Typical components of HPC in Azure include:
-
HPC head node ‘a VM that acts as the central managing server for your HPC cluster. It enables you to schedule jobs and workloads to your worker nodes.
-
Virtual Machine Scale Sets ‘a service that enables you to easily create thousands of virtual machines. It includes features for load balancing, autoscaling, and deployment across availability zones. Using scale sets, you can run Cassandra, Hadoop, MongoDB, Cloudera, and Mesos.
-
Virtual Network ‘a network that connects your head node to your compute and storage nodes via IP. In this network, you control the infrastructure and have granular control of traffic between subnets. You can also bring your own IP addresses and DNS servers. Virtual Network creates an isolated environment for your deployment with secure connections provided via IPsec VPN or ExpressRoute.
-
Storage ‘options include file, disk, and blob storage. You can also use Data Lake or hybrid storage solutions. To improve storage performance, you can add the Avere vFXT service. This service enables you to run file system workloads with low latency via an intelligent cache feature.
-
Azure Resource Manager ‘enables you to use templates or script files to deploy your applications to the HPC configuration. It is the standard resource management tool you use in Azure.

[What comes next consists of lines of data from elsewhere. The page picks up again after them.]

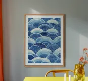 An elegant abstract pattern of blue waves unfolds in this illustration. The flowing curves and subtle gradations of blue create a soothing, rhythmic effect, bringing a touch of harmony and freshness to your space. This timeless design evokes the tranquillity of the sea, ideal for any room where you want to create a calm and serene atmosphere.
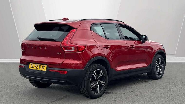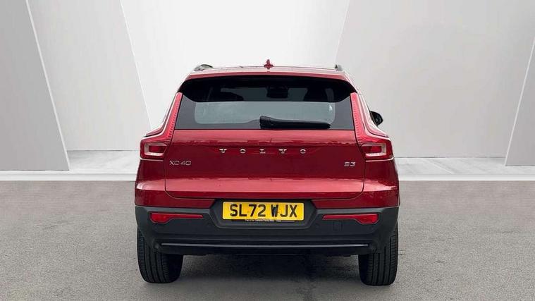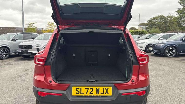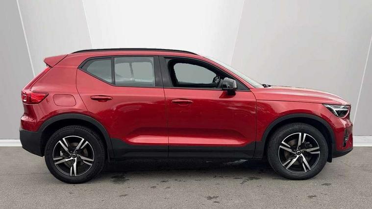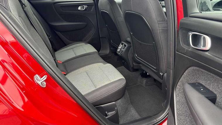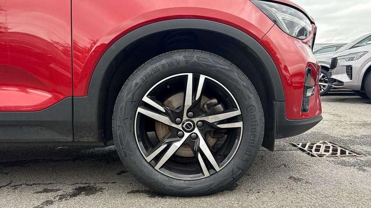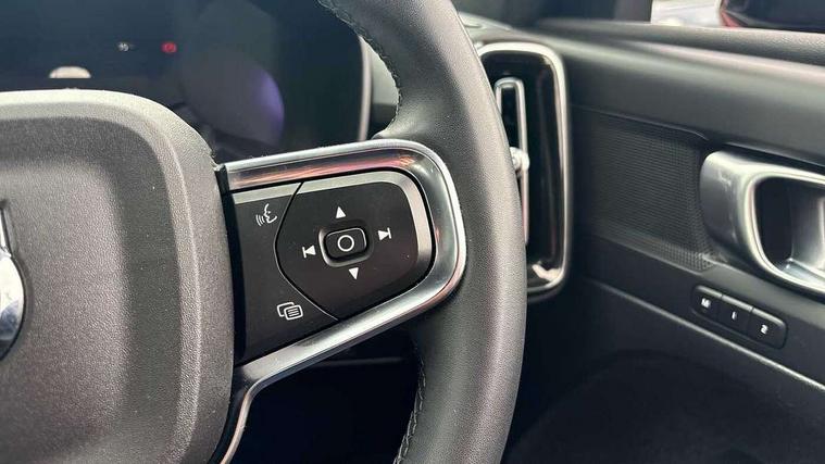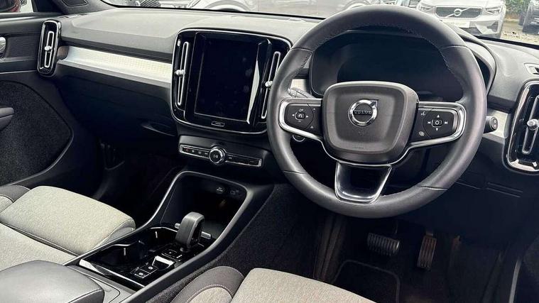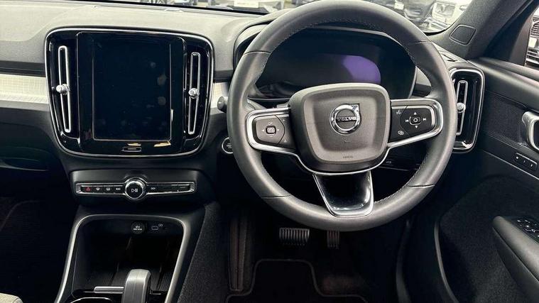 12.3" Progressive Driver Display, 9" centre console portrait touch screen, Adjustable steering wheel force, Bluetooth hands free telephone kit, Cruise control, Driver awareness - blind spot information system with steer assist, cross traffic alert with autobrake, rear collision warning and migitation, E-call, Front park assist, Google automatic services - Nav with google maps, apple carplay/android auto, voice recognition with google assistant, Hands free power tailgate, Lane keep assist with driver alert control, Oncoming Lane Mitigation, Rear park assist, Rear park assist camera, Speed limiter, Speed sensitive steering, Wireless/Inductive Mobile Phone Charging, Dynamic chassis, DAB Digital radio, High performance sound, 8 speakers/250W, front USB and 2 rear type C USB, Steering wheel mounted remote controls, Adaptive brake lights with high level LED brake lights, Auto dimming feature for exterior door mirrors, Auto dimming interior mirror, Automatic headlamp levelling, Automatic LED Headlights + Active high beam incorporating daytime running lights, Front aluminium tread plates, Front and rear electric windows, High gloss black front and rear skid plate, High gloss black mesh front grille with high gloss black surround, High gloss black window trim, Home safe and approach lighting, Integrated roof rails in high gloss black, LED front fog lights, Puddle lights, Rain sensor with automatic windscreen wiper activation, Rear side wing doors, Rear wiper, Roof antenna, Roof spoiler, Visible VIN plate, 12V socket in front tunnel console and luggage compartment, 2-Zone electronic climate control with CleanZone air quality system and pollen filter, 3 seat bench in 2nd row, 3 Spoke tailored steering wheel with chrome trim, 60/40 versatile split folding rear seat, A-pillar parking ticket holder, Ambient front door and instrumental panel lighting, Centre console cupholders and storage, Flexible load floor and grocery bag holder, Floor mats, Front door pocket and front cupholder illumination, Front footwell illumination, Front headrests, Front reading light and theatre lighting, Front seat cushion extensions, Front tunnel pocket, Glovebox bag hook, Heated front seats, Height adjustable passenger seat, Height/reach adjustable steering column, High gloss centre tunnel deco, Illuminated glovebox, Illuminated luggage compartment, Illuminated tailgate, Illuminated vanity mirrors, Integrated waste bin, Isofix attachments on outer rear seats, Load protection net, Multi directional lumbar support, Power driver seat with memory + exterior mirrors memory, Rear armrest / integral cup holders / storage tray, Rear headrests, Rear reading and courtesy lights, Single front passenger seat, Underfloor cargo storage, Climate pack without heated front seats - XC40, 3x3 point rear seatbelts, City safety with steering support with Pedestrian + cyclist + front collision warning with full auto brake and rear auto brake, Drivers knee airbag, Dual stage driver/passenger airbags, Electronic parking brake with auto hold, First aid kit, Front and outer rear seatbelt reminder and pretensioners, Front seats SIPS airbags, Hill descent control, Hill start assist, Inflatable curtain, Passenger airbag cut-off device, Power child locks on rear doors, Road sign information display, Run off Road Mitigation, Run off Road Protection, SIPS (Side Impact Protection System), Slippery road and hazard light alert, Stability and Traction Control with Spin control, Engine Drag Control and Corner Traction Control, Tyre pressure monitoring system, Vehicle deceleration control with Anti-lock Brake System, Electronic Brake Distribution and Emergency Brake Assist, Warning triangle, WHIPS whiplash protection system - front, Anti-theft alarm including immobiliser/volume sensor + level sensor, Key integrated remote control central locking + fuel flap with deadlocking system and auto open/close power windows, Keyless drive includes keyless entry and keyless start, Locking wheel nuts,
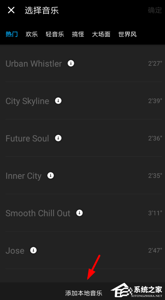 4、当进入到添加音乐的列表之后,通过底端的“添加本地音乐”功能,软件就会扫描手机本地的所有音频文件,从而让你进行设置与添加。

Managing HPC Deployments in Azure
There are several services available from Azure to help you manage your HPC deployments. These are native services so they integrate smoothly with other Azure services you are using and come with Azure support.
Azure Batch
Azure Batch is a managed service for HPC applications. To use Batch, you configure your VM pool and upload workloads. Batch then handles the provisioning of VMs, assigning and running tasks, and monitoring progress. Through Batch, you can autoscale your deployment and set policies for job scheduling.
Microsoft HPC Pack
HPC Pack enables you to administer your VM cluster and schedule and monitor jobs. With HPC Pack, you are responsible for provisioning and managing VMs and network infrastructure. HPC Pack is useful for existing, on-premise HPC workloads that you want to move to the cloud. You can either move these workloads completely or use HPC Pack to manage a hybrid deployment.
Azure CycleCloud
Azure CycleCloud enables you to use any scheduler to:
- Manage your workloads
- Orchestrate job, data, or cloud workflows
- Specify access controls via Active Directory
- Customize clusters via policy and governance features
Schedulers that CycleCloud integrates with include Slurm, Grid Engine, HPC Pack, and Symphony.
Conclusion
The ability to run big data workloads at scale is crucial for many organizations. HPC in Azure can enable you to run workloads from a unified platform and reduce upfront resource costs. It can be particularly cost-effective for organizations that only occasionally run HPC workloads as you only pay for resources during use.
Hopefully, this article helped you understand how you can run HPC workloads in Azure. Using the services introduced here, you can create your first HPC deployment or refine existing deployments.